5. Fächerübergreifende Kooperation der an der politischen Bildung beteiligten Fächer zu fordern, hieße alten Wein in neue Schläuche gießen wollen, wenn man nicht auf die veränderte Situation der Schule und der politischen Bildung hinweisen könnte, die neben einer veränderten Lehrer-und Schülerrolle auch die Zielvorstellungen der politischen Bildung auf die Gesellschaft hin umorientiert sieht.

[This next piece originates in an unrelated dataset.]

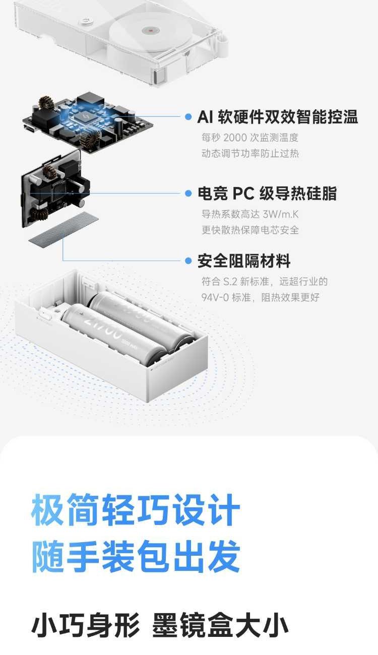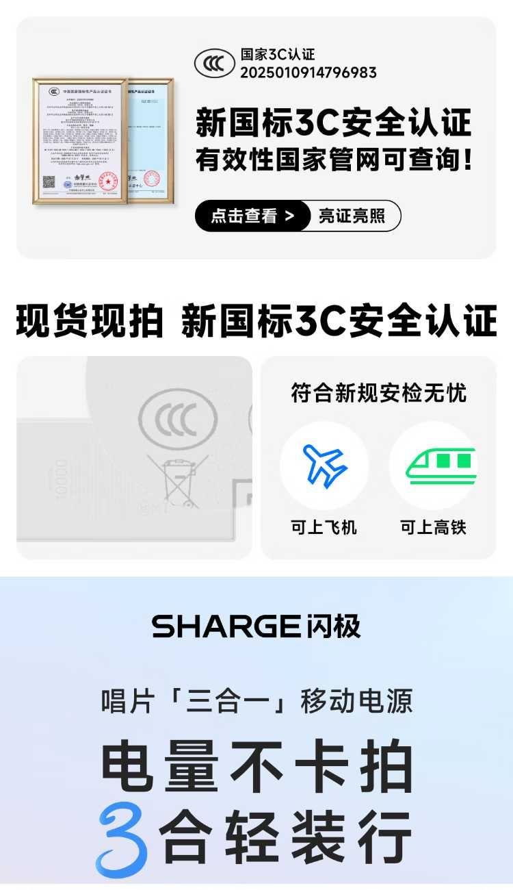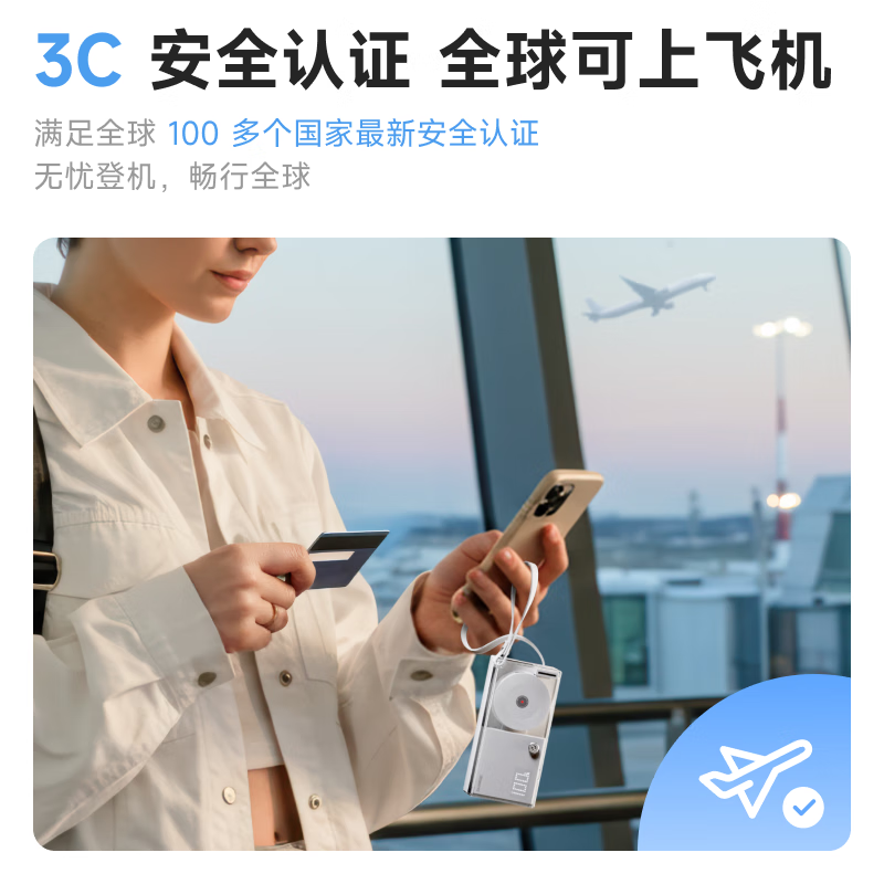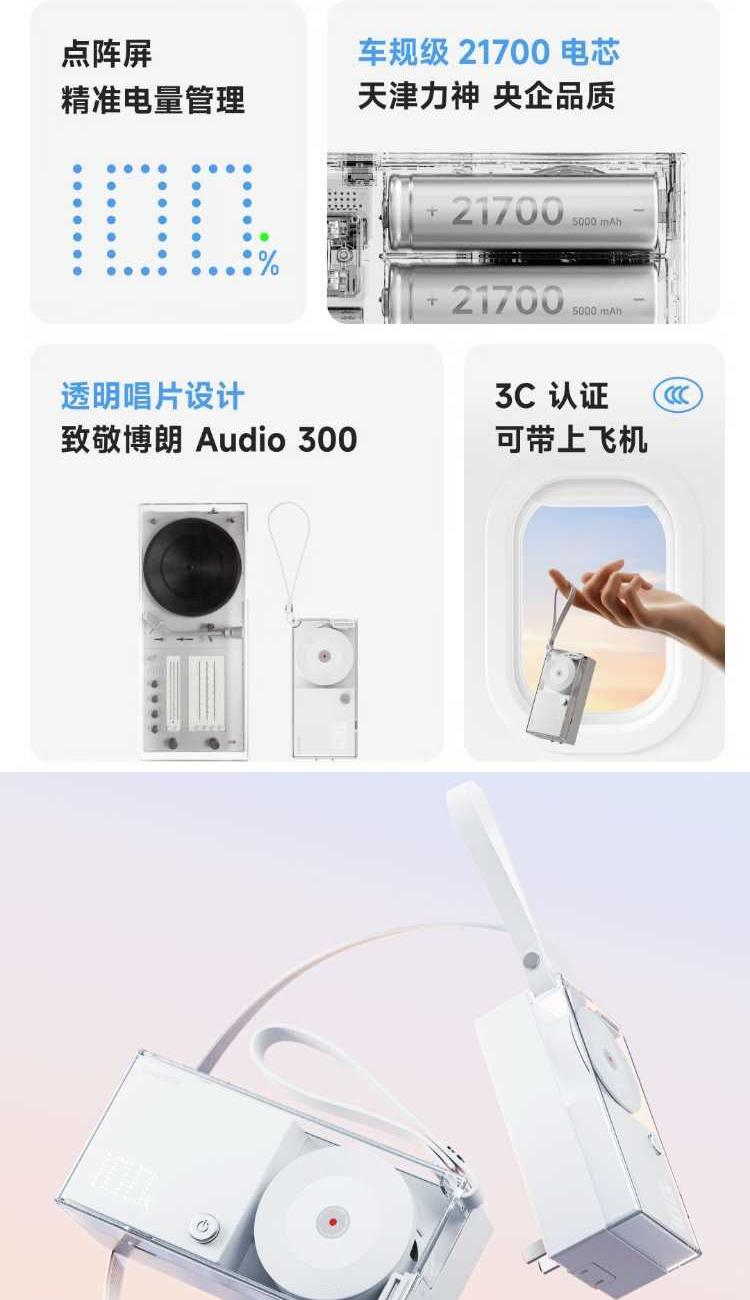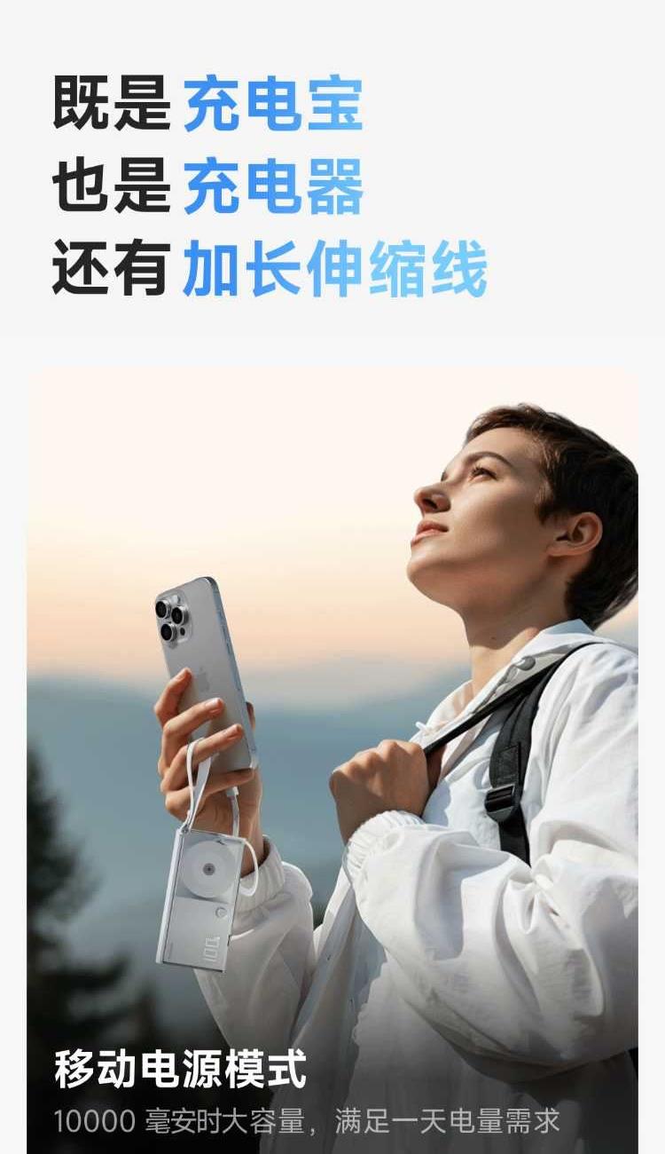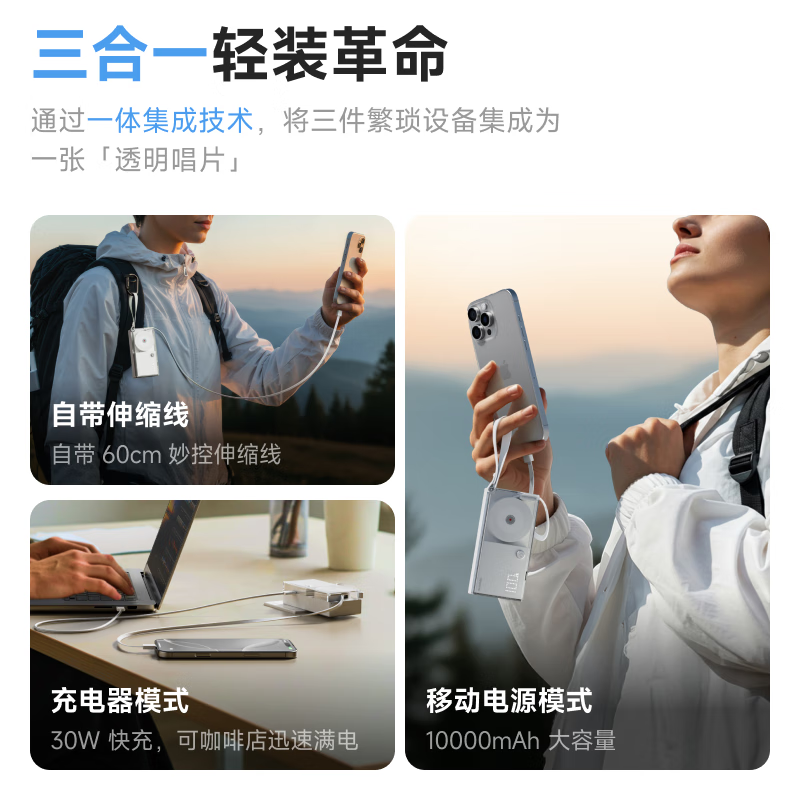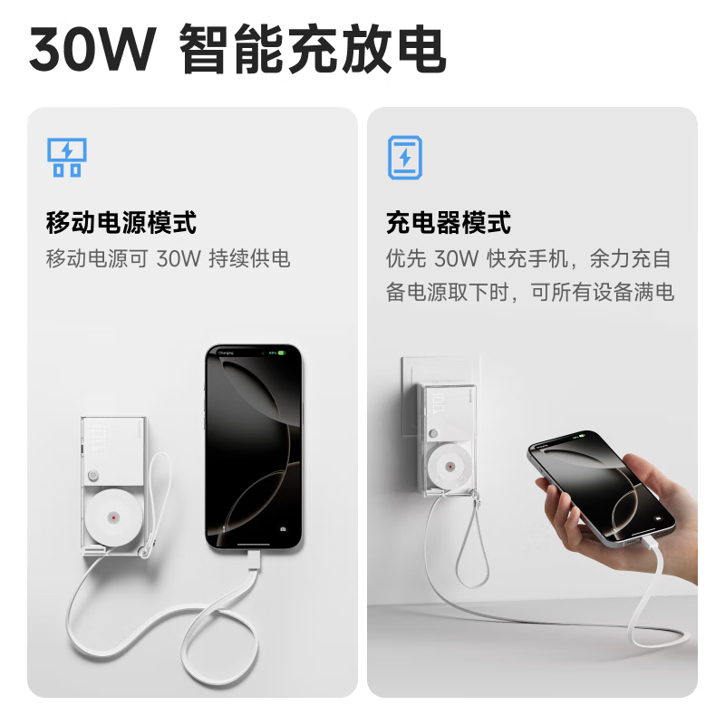 型号:P7 材质:防火PC(V0级) 容量:10000mAh 输出:30W 接口类型:USB-C口*1,USB-C线*1 产品尺寸:11*5.2*4cm (伸缩线:60+cm) 包装尺寸:14.3*8.6*5cm 单品重量:300g 10000mAh,移动电源+充电器+伸缩C线 3合1 3C认证,央企-天津力神21700车规级电芯 唱片设计,致敬博朗唱片机,点阵屏显示电量 30W双向快充,支持PD3.0/PPS/QC3.0等主流快充协议 支持小电流模式,耳机/手表/手环/电动牙刷等安全充

6. Die stärkere Berücksichtigung sozialgeschichtlicher Zusammenhänge im Unterricht als praktische Konsequenz nicht außer acht gelassen werden. 7. Auch die Lehrerbildung muß diese Veränderungen berücksichtigen und die didaktischen Vorstellungen der beteiligten Fach-wissenschaften ebenfalls kooperativ zusammenführen. 8. Neue Möglichkeiten der Kooperation durch Teamwork und Teamteaching sollten in stärkerem Maße erprobt werden. 9. Lehr-und Arbeitsbücher sollten künftig diese kooperativen Aspekte stärker berücksichtigen. Es ist erforderlich, das Verhältnis von Geschichte und Politik im didaktischen Bereich ständig zu überprüfen, damit es in seiner ganzen Ergiebigkeit in den Dienst politischer Bildung gestellt werden kann.